Although Marion has shown her work at the Norman Rockwell Museum in Stockbridge before, public exhibits are rare. She is usually passed along from one client to another. It is the vitality and charm of the animals that are the usual subjects of her work that keep her in demand for custom work. Her last showing at the Museum a couple of years ago was a weather vane, a rabbit with a watering can amid the veggies. I was personally acquainted with the miniature dachshund who was immortalized in another weather vane, tail high and ears flying as he was in mid-romp. She can be reached by email: ivesvane@gis.net.

I have to say that I do not have a real garden gate.

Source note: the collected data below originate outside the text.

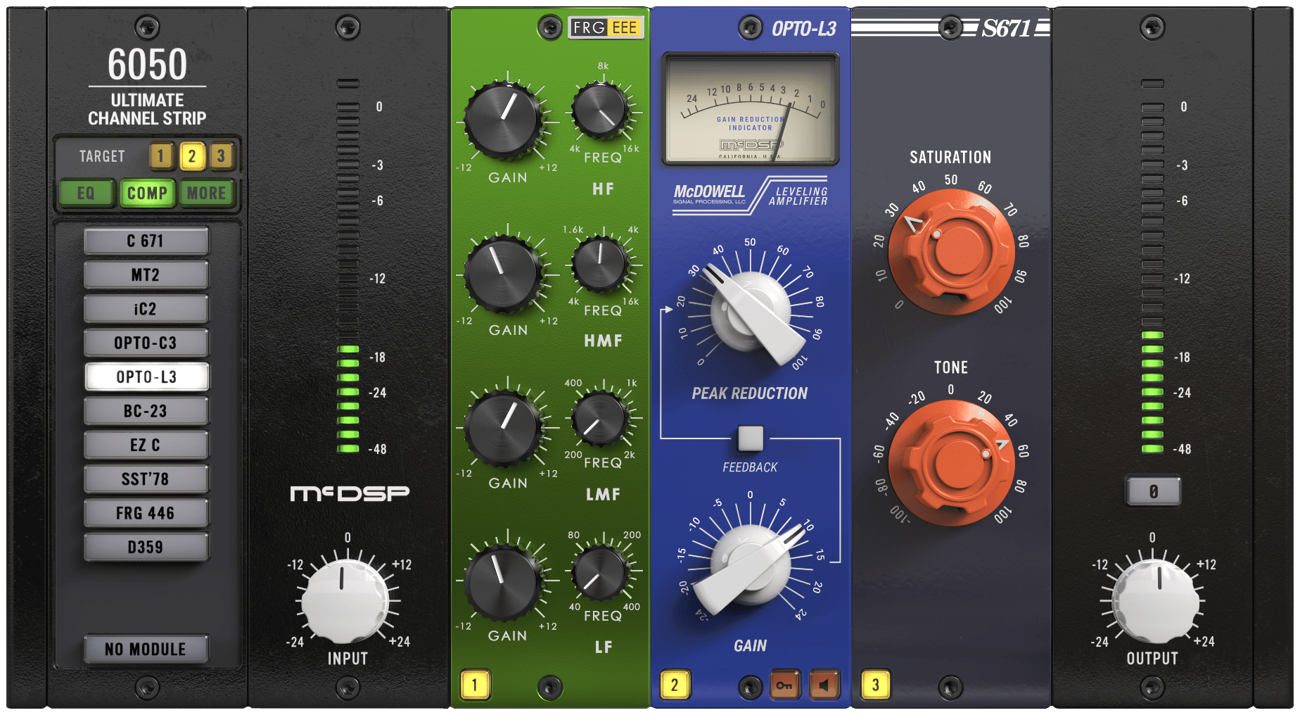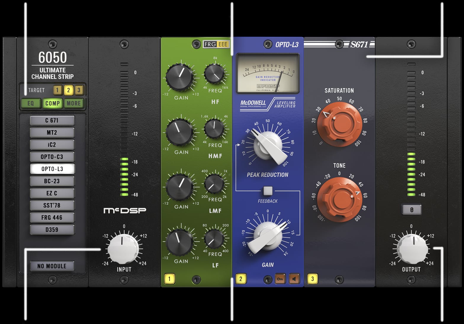 The 6050 Ultimate Channel Strip has input and output stages, wrapped around 3 module bays in which any of the over 25 modules can be inserted. Easily drag and drop any module to rearrange the signal flow of your channel strip. A module selector panel allows quick auditioning of equalizers, compressors and additional effects. Like the original 6020 and 6030 plug-ins, each new module in the 6050 draws on classic and modern designs over the last four decades. Operation is simple and intuitive, and the sound quality is what professionals worldwide have come to know in McDSP plug-ins.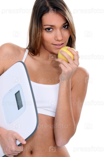Спортивная женщина с весами и яблоком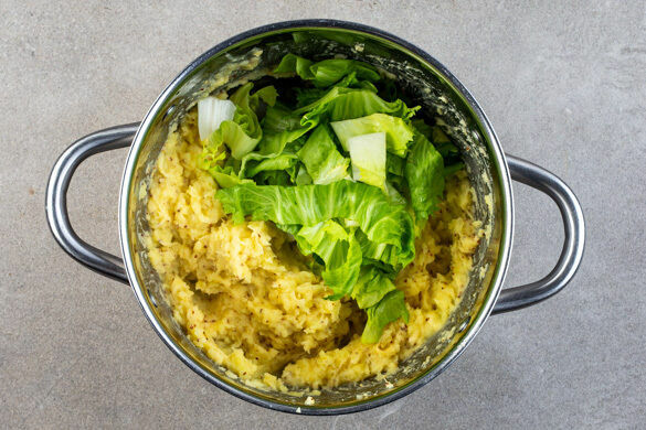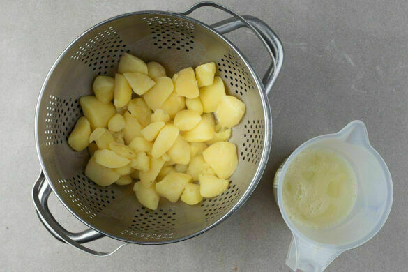 Die Kartoffeln in das kochende Wasser geben und in 12–15Min. bissfest kochen. Mit einem Messbecher ca. 200ml Kochwasser abschöpfen, dann die Kartoffeln in einem Sieb abtropfen lassen und zurück in den Topf geben.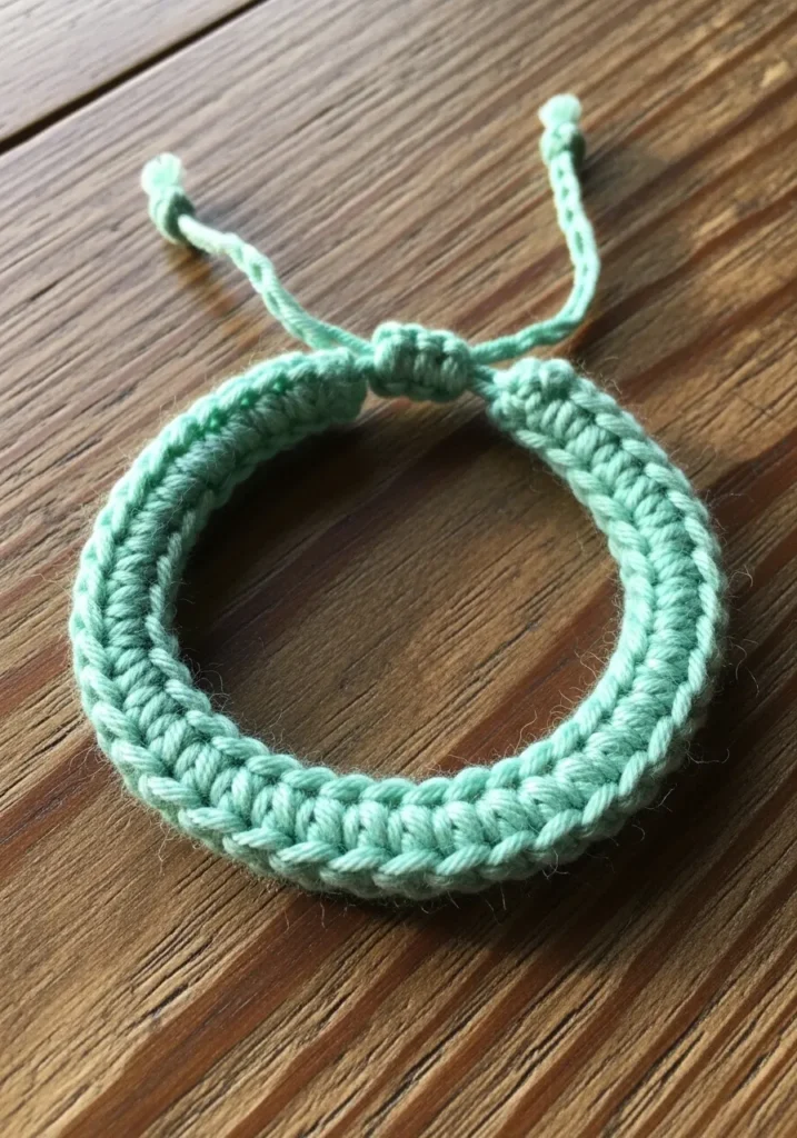 This dainty piece is crocheted in a refreshing mint green shade using a sleek mercerized cotton yarn. The main band features a series of compact stitches that create a sturdy yet flexible cord with a slightly raised ribbed texture along the edges. It includes a clever sliding knot closure made from matching yarn tails, which allows for an adjustable fit on any wrist size. The overall look is understated and organic, making it a versatile addition to a stacked jewelry collection.

I enter the vegetable garden through a bent length of chicken wire fencing decorated with white milk bottles, and the other parts of the garden are set in the lawn. No fences and no need for gates. But a gate, and a fence worthy of such a gate are definitely on my list.

This different rendition of a morning glory gate by Susan Carty Treat is just one of the other numerous garden gates on exhibit on the Norman Rockwell Museum grounds until October 13, Columbus Day weekend. Her gate made of steel conduit wire, wire mesh, wood and paint shows flowers at their fullest.

The Museum is a perfect destination for an autumnal weekend in the Berkshires.